## Instructions for the task
Please make sure what you return matches the listing below exactly, minus its pictures.
START Provided material
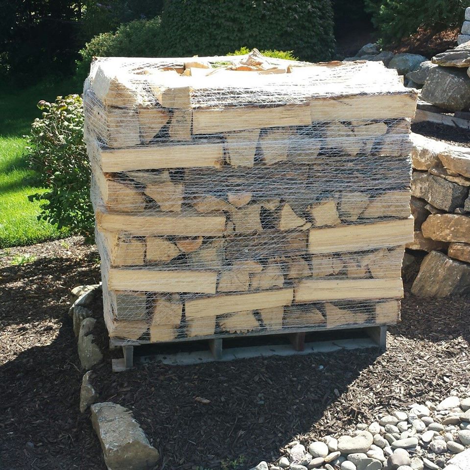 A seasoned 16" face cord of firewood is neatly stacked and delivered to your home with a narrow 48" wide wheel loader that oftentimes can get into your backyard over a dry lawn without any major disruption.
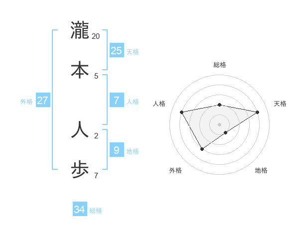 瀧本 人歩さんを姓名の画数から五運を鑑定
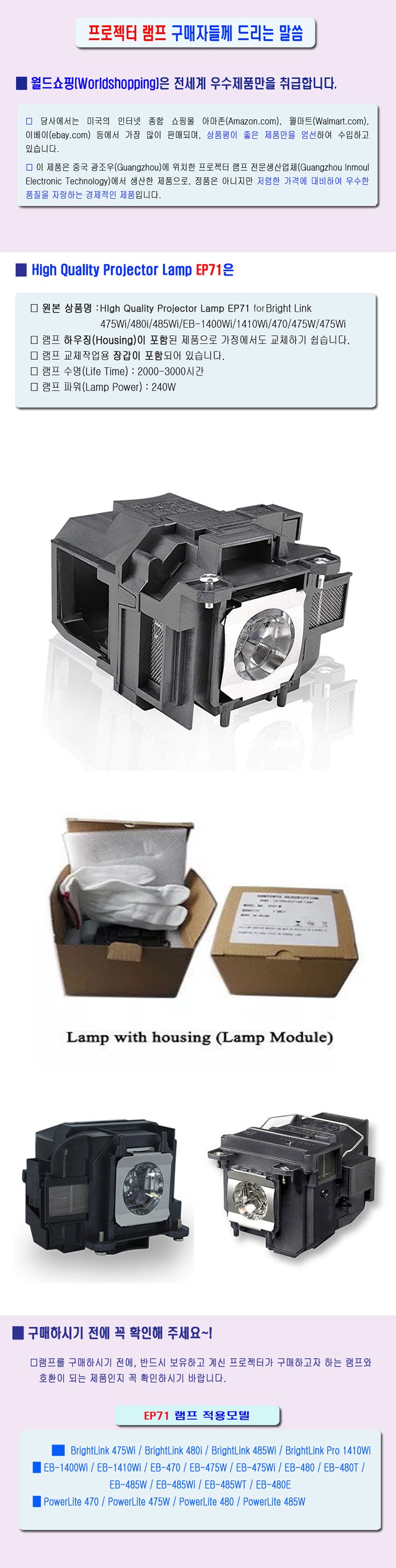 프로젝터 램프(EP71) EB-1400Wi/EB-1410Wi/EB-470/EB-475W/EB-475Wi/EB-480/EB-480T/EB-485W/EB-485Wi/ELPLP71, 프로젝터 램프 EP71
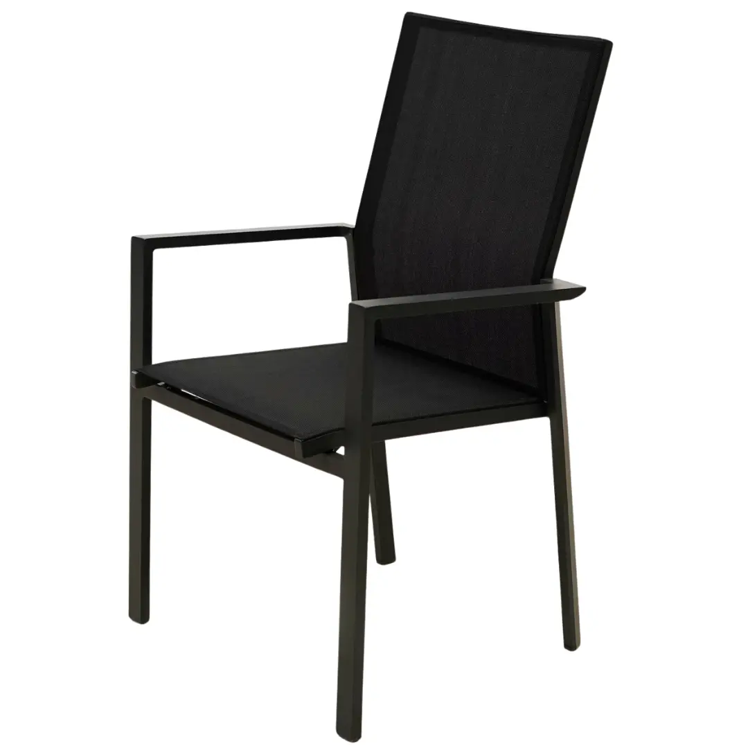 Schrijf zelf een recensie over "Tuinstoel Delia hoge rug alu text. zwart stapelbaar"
END Provided material
## Exercise answer
 A seasoned 16" face cord of firewood is neatly stacked and delivered to your home with a narrow 48" wide wheel loader that oftentimes can get into your backyard over a dry lawn without any major disruption.
 瀧本 人歩さんを姓名の画数から五運を鑑定
 프로젝터 램프(EP71) EB-1400Wi/EB-1410Wi/EB-470/EB-475W/EB-475Wi/EB-480/EB-480T/EB-485W/EB-485Wi/ELPLP71, 프로젝터 램프 EP71
 Schrijf zelf een recensie over "Tuinstoel Delia hoge rug alu text. zwart stapelbaar"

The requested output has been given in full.